For the past two years, Cisco has been working on a predictive analytics engine that has been tuned and tested with customers across a variety of industry segments, incorporating advanced analytics and machine learning techniques, to enable greater precision and ease of use.
Cisco predictive networks work by gathering data from a variety of telemetry sources. Once integrated, it learns the patterns using different models and begins to predict user experience issues, providing problem solving options.
“Being able to rely on self-healing networks that can learn, predict, and plan, will empower local technology leaders with the environments essential for business success in a digitally-driven landscape.
Cisco’s research for predictive networks has been tested and developed with customers, and early adopters are seeing major benefits saving them time and money,” said Conrad Steyn, CTO, Cisco South Africa.
According to the Cisco 2022 Global Networking Trends Report, 45% of IT leaders surveyed cited responding to disruptions as the top network challenge. Beyond outages, the experience people get from their network connections has become business critical.
People and businesses use and rely on applications for just about everything, and often an app is the critical first impression for customers.
The App Attention Index 2021 survey has found that 57% of people say brands have one shot to impress them and that if their digital service does not perform, they will not use them again.

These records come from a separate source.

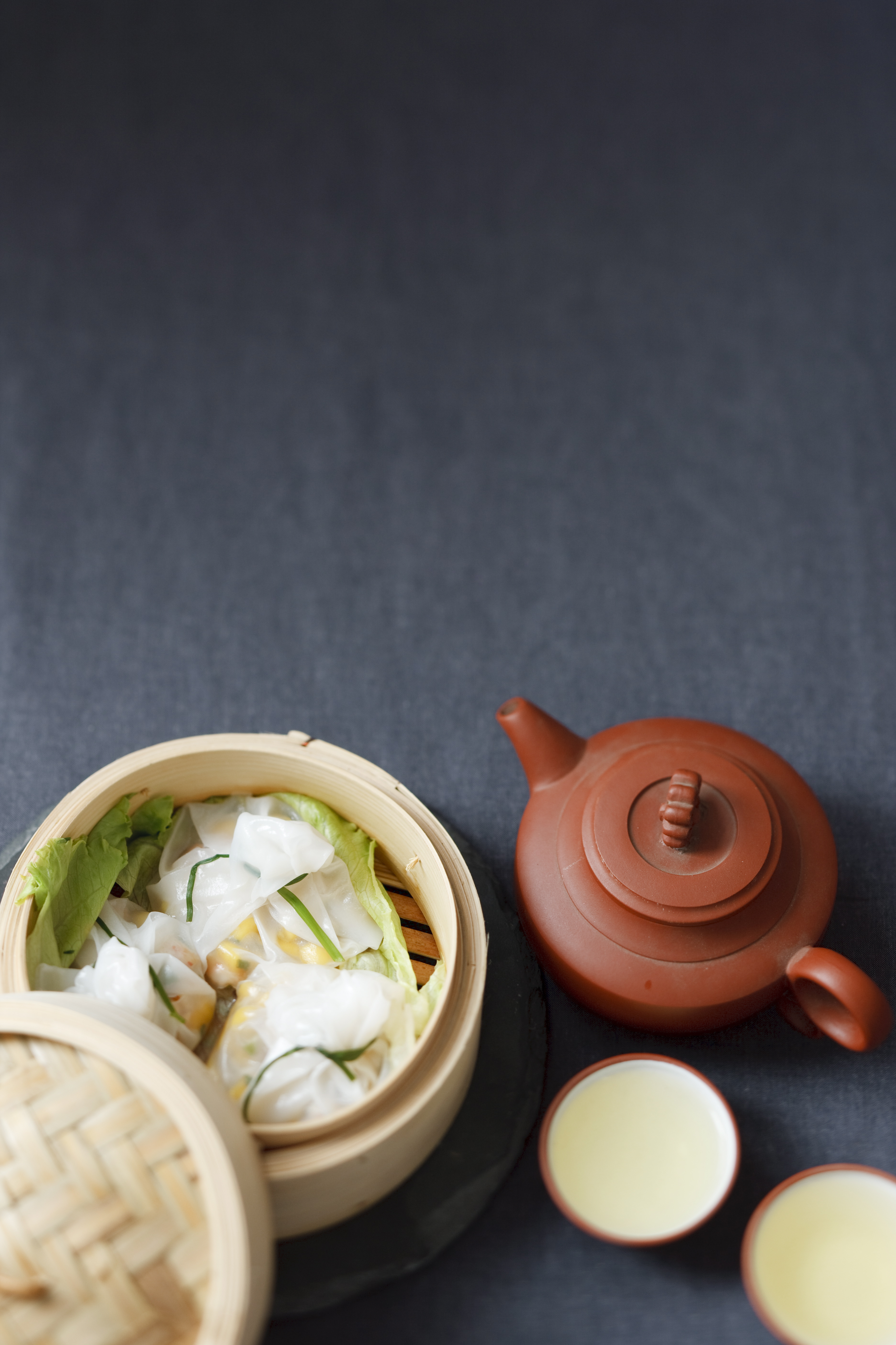 In einem Topf Wasser aufkochen, einen Siebeinsatz oder ein Bambuskörbchen darüber geben und mit Salatblättern auslegen. Teigtaschen darauf setzen und in mehreren Arbeitsgängen zugedeckt bei großer Hitze ca. 15 Minuten dämpfen.
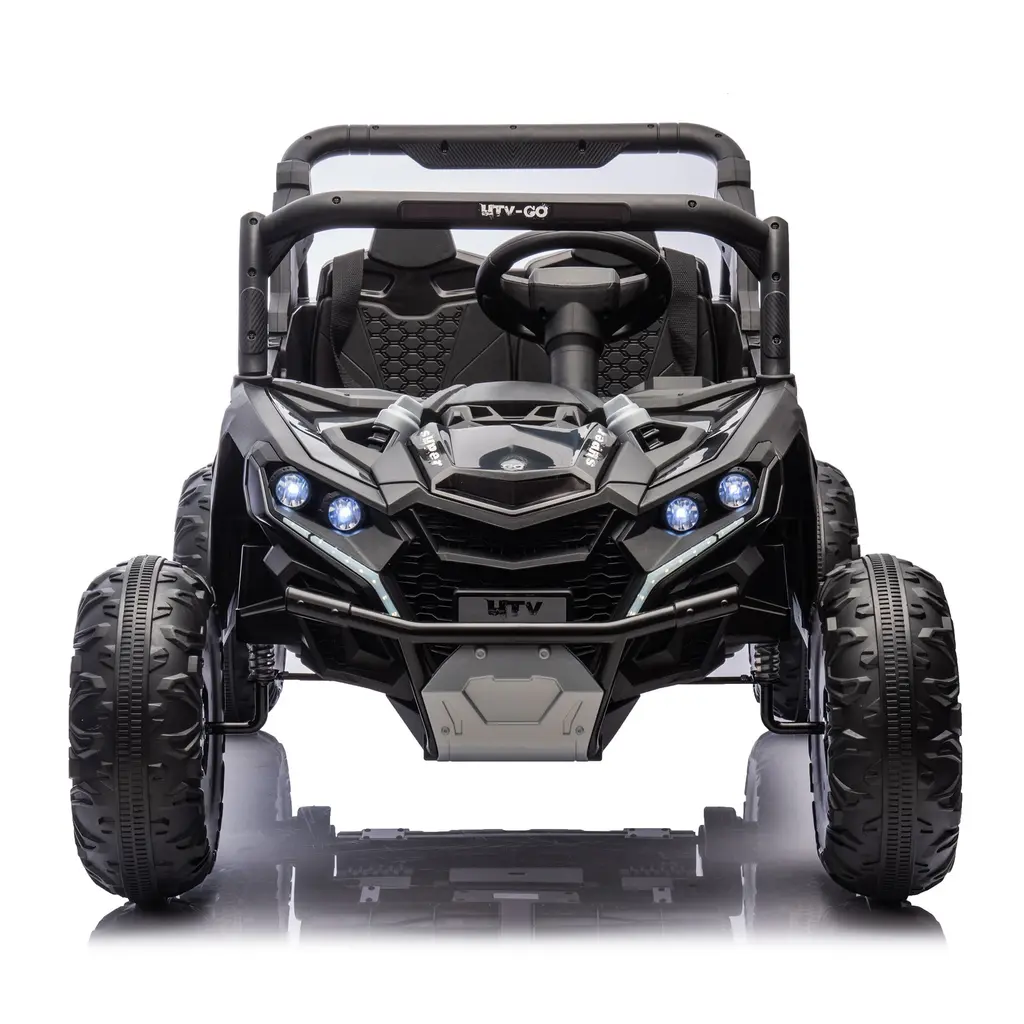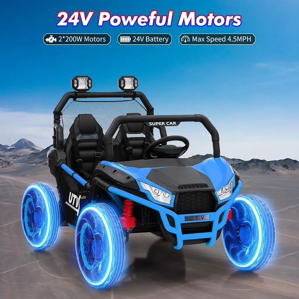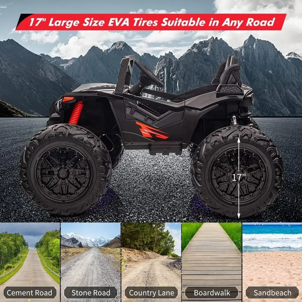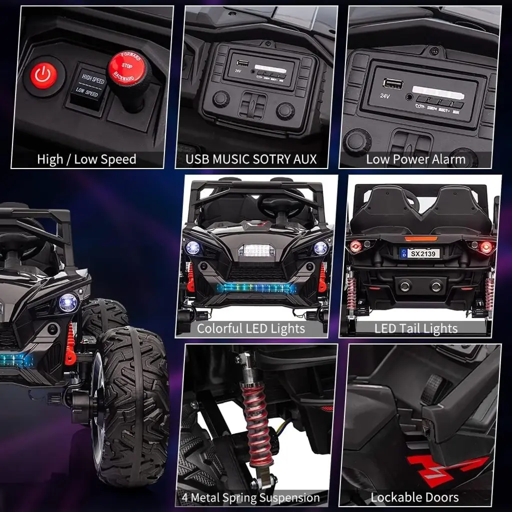Powerful 24V 10ah Battery & 4 Motors: This 2-seat UTV is equipped with 80W2 and 120W2 motors, providing robust power for an exciting off-road experience. Coupled with 17" extra-large EVA wheels, it excels in various terrains, delivering continuous power and performance in any condition.Spacious and Comfortable Seating: With an overall size of 49.6"*40.9"*30.5" (L x W x H) and a wide 20.5" seat, this UTV is designed to comfortably accommodate two kids (under 4 years) or a single child aged 37 months to 8 years old. It includes two seats with individual safety belts for secure rides.Vibrant LED Lights and Entertainment Features: The ride-on vehicle features dazzling front and tail LED lights, along with music, USB connectivity, and a horn, enhancing the fun for children. The smooth and quiet EVA wheels ensure a pleasant driving experience while meeting safety standards certified by ASTM and CPC.Flexible Control Options: Parents can engage in the fun with the remote control feature, allowing them to operate the vehicle while children can also drive it independently using the foot pedal to control speeds. Each wheel has an independent bearing for smoother steering and enhanced maneuverability.Two-Pack Delivery for Convenience: Due to logistics restrictions, the UTV is delivered in two packages that may arrive on different days. After receiving both boxes, parents can easily follow the installation video and user manual to set up the vehicle for their child's enjoyment.
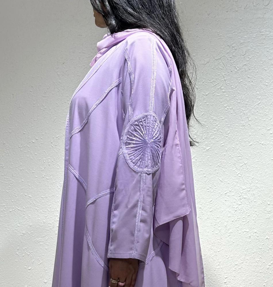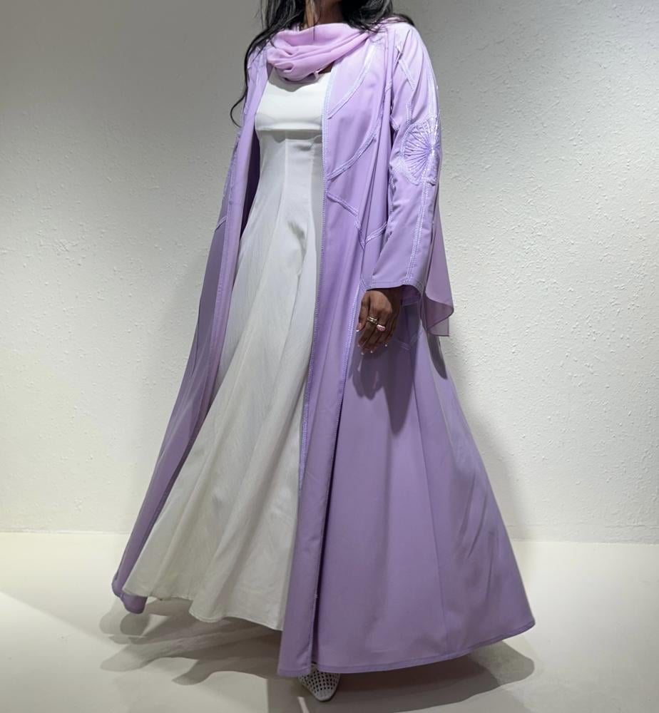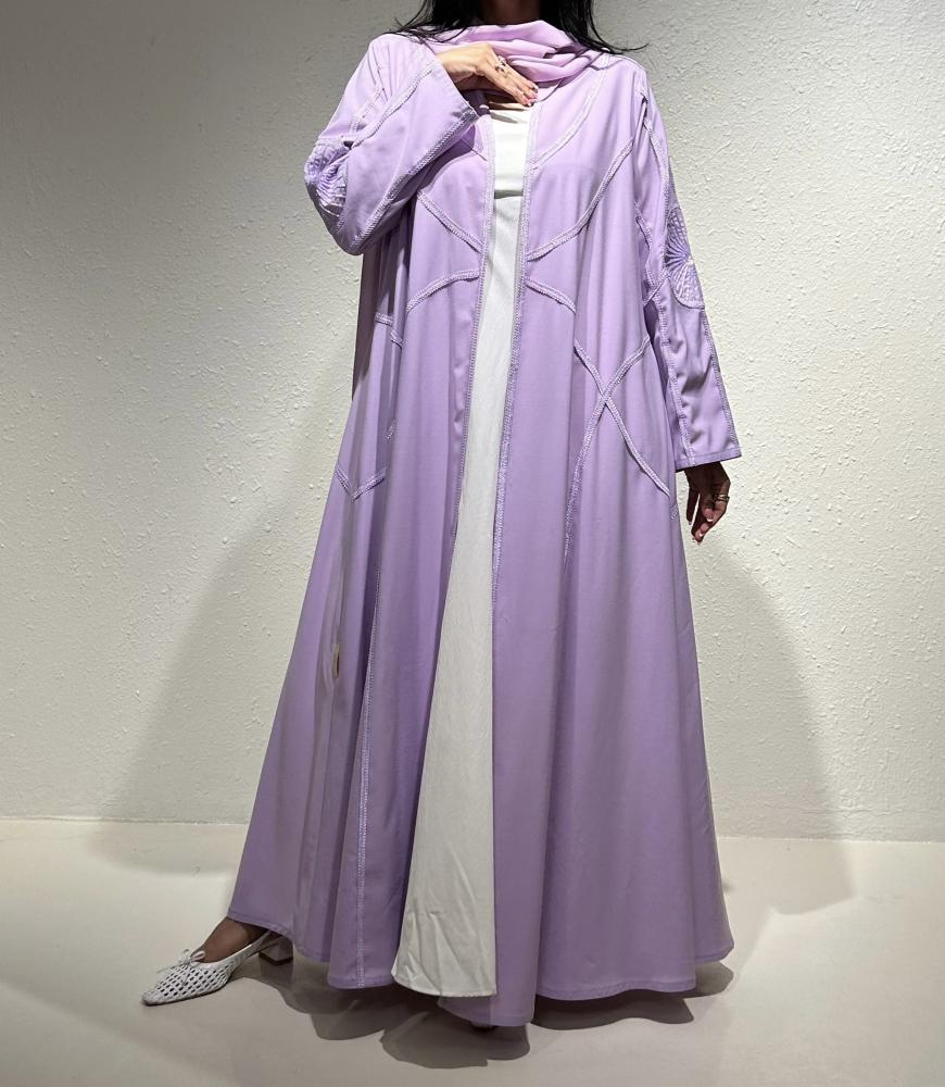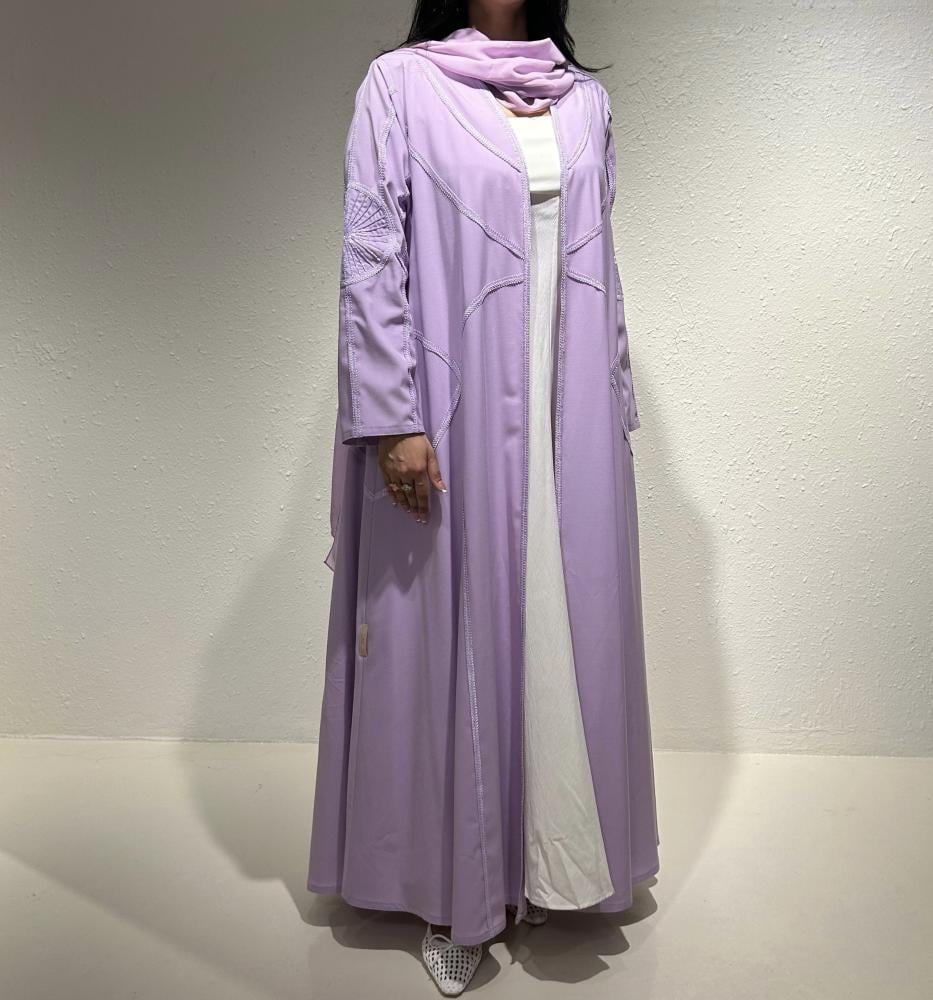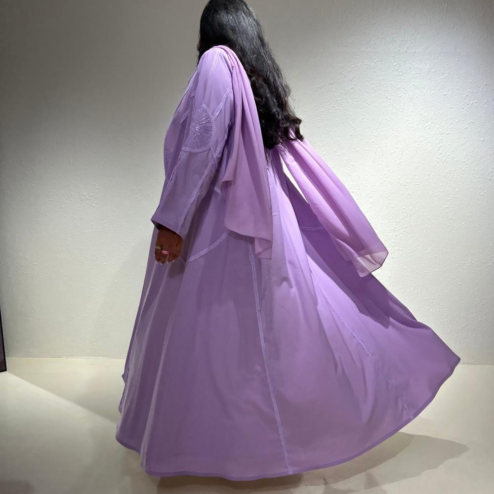 عباية صيفية بلون اللافندر البارد مصنوعة من قماش الكريب الايطالي الخفيف تتميز بكتافات خفيفة جدًا وشك أنيق على الأكمام بنفس اللون، مع تطريز عشوائي أنيق من الأمام والخلف يضيف لمسة فنية مميزة.
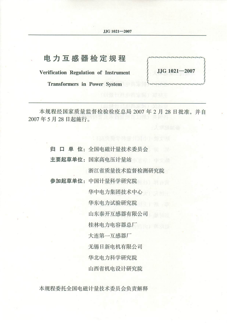 JJG1021-2007电力互感器348072@abc4个月前发布关注私信6.07MB33页044JJG1021-2007电力互感器此内容为付费资源,请付费后查看¥13¥23黄金会员免费钻石会员免费立即购买您当前未登录!建议登陆后购买,可保存购买订单付费资源 第1页 / 共33页 第2页 / 共33页 试读已结束,还剩31页,您可下载完整版后进行离线阅读 THE END标准规范 文本预览 可可G中华人民共和国国家计量检定规程JJG1021-2007电力互感器Instrument Transformers in Power System2007-02-28发布2007-05-28实施国家质量监督检验检疫总局发布 查看更多 收起部分 喜欢就支持一下吧收藏
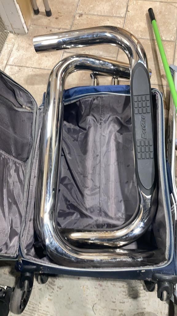 SHOPPING CART WITH YOGA MAT, SPORT RACKETS, CRUTCHES, SKIS, LUGGAGE BAG AND TRUCK STEP RAILS
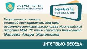 17.11.2025 | | В рамках проекта Qoğam Space «Сенімді қоғам» в онлайн-формате состоялась интервью-беседа с подполковником полиции, старшим преподавателем кафедры уголовно-исполнительного права Костанайской академии МВД РК имени Шракбека...
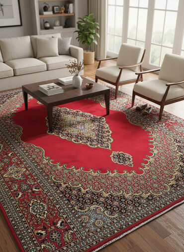 Qırmızı tonlarda klassik naxışlı xalça - Üslub: Şərq/Pers motivləri ilə zəngin klassik dizayn, mərkəzdə böyük medalyon, ətrafında simmetrik floral və geometrik elementlər. - Rənglər: Dərin qırmızı...
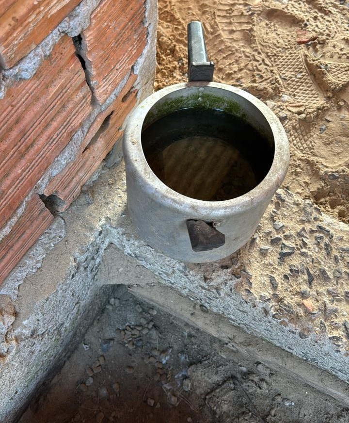 No local, os policiais civis encontraram um cão da raça pastor alemão amarrado por um fio elétrico de aproximadamente 1,5 metro, preso em um canto do terreno e sem acesso visível a alimento, além de estar com acesso somente a água suja.
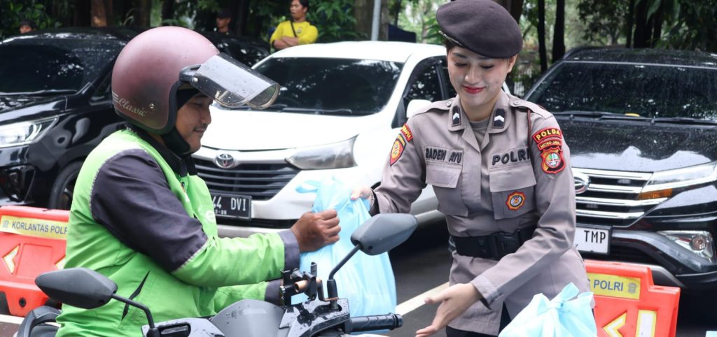 Halo Bekasi; Jakarta – Polda Metro Jaya kembali menggelar kegiatan sosial Jumat Peduli dengan menyalurkan 350 paket sembako kepada pengemudi ojek online (ojol)
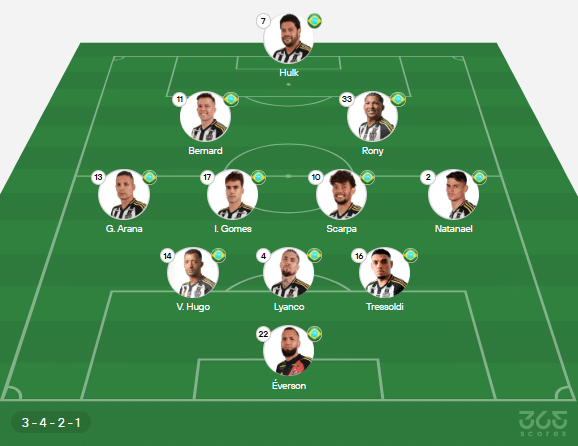 - Provável escalação do Atlético-MG: Éverson, Ruan Tressoldi, Lyanco, Victor Hugo; Natanael, Gustavo Scarpa, Igor Gomes, Guilherme Arana, Rony, Bernard; Hulk
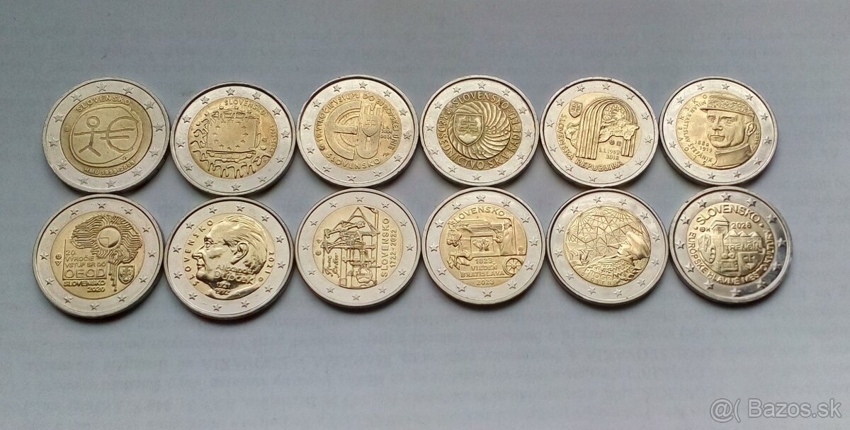 predám 12 ks 2 € pamätných slovenských mincí za 26 €. Osobne BN,PE,PD,TN,TR,MT,ZA.
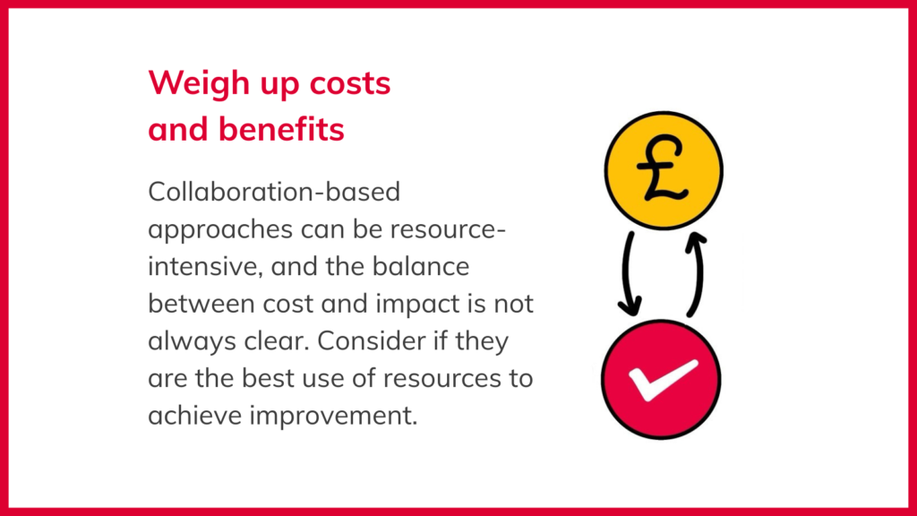 8. Weigh up costs and benefits: Collaboration-based approaches can be resource-intensive, and the balance between cost and impact is not always clear. Consider if they are the best use of resources to achieve improvement.
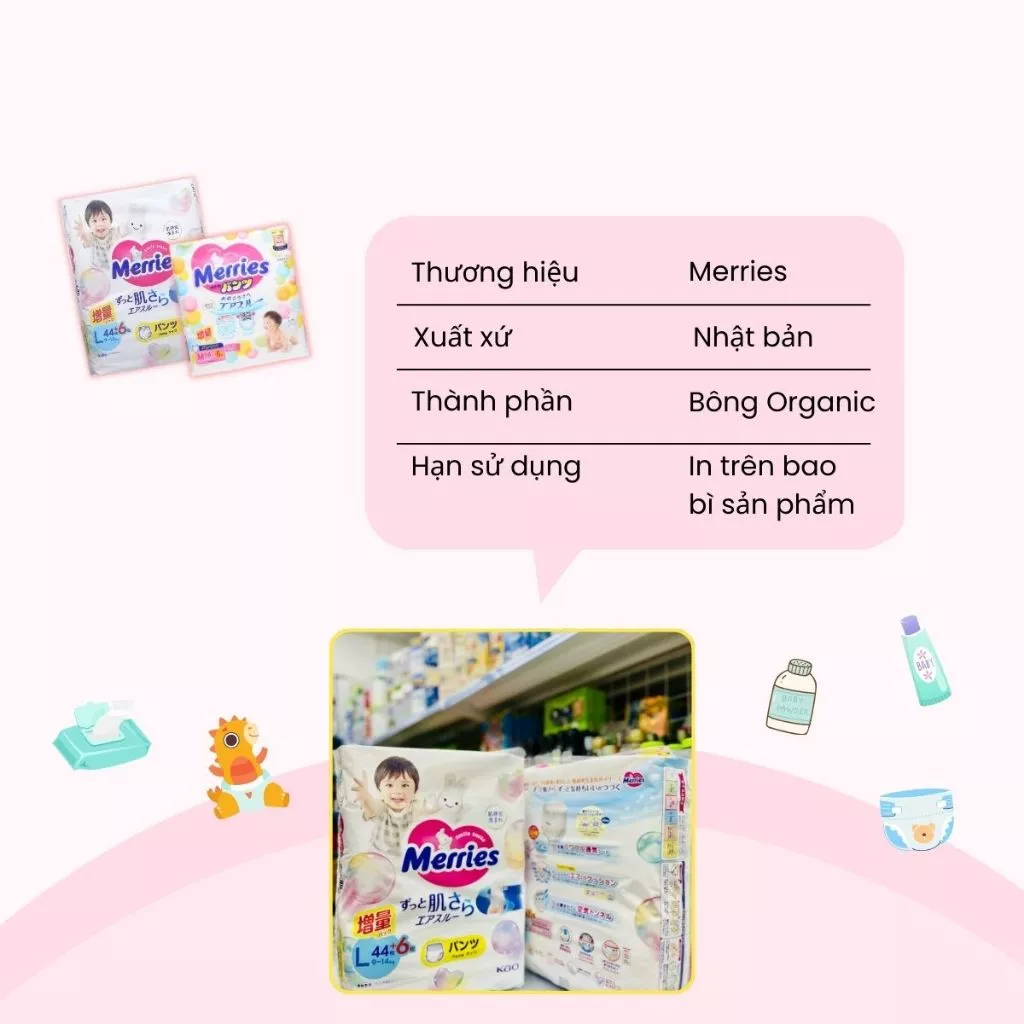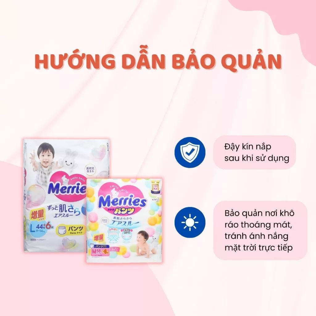 Tã Bỉm Quần MERRIES Cộng Miếng Chuẩn Nội Địa Nhật Bản Siêu Thoáng Mát Thấm Hút Nhanh Chất Lỏng

“If local companies are to deliver on the full promise of what a digital business can deliver, they need to embrace a way to better predict network issues, proactively avoid issues, and ensure the best possible experience,” said Steyn.
Cisco predictive networks will enable technology leaders to avoid issues before they happen, help network operators prevent outages, safeguard networks against attacks, and elevate the user experience, all while helping to increase network performance.
“Cisco is planning to deliver this predictive technology across its portfolio in integrated, easy-to-use software-as-a-service solutions. This will make Cisco predictive networks accessible to companies of all sizes and help South African organisations focus more on growing their business and less on managing network issues,” said Steyn.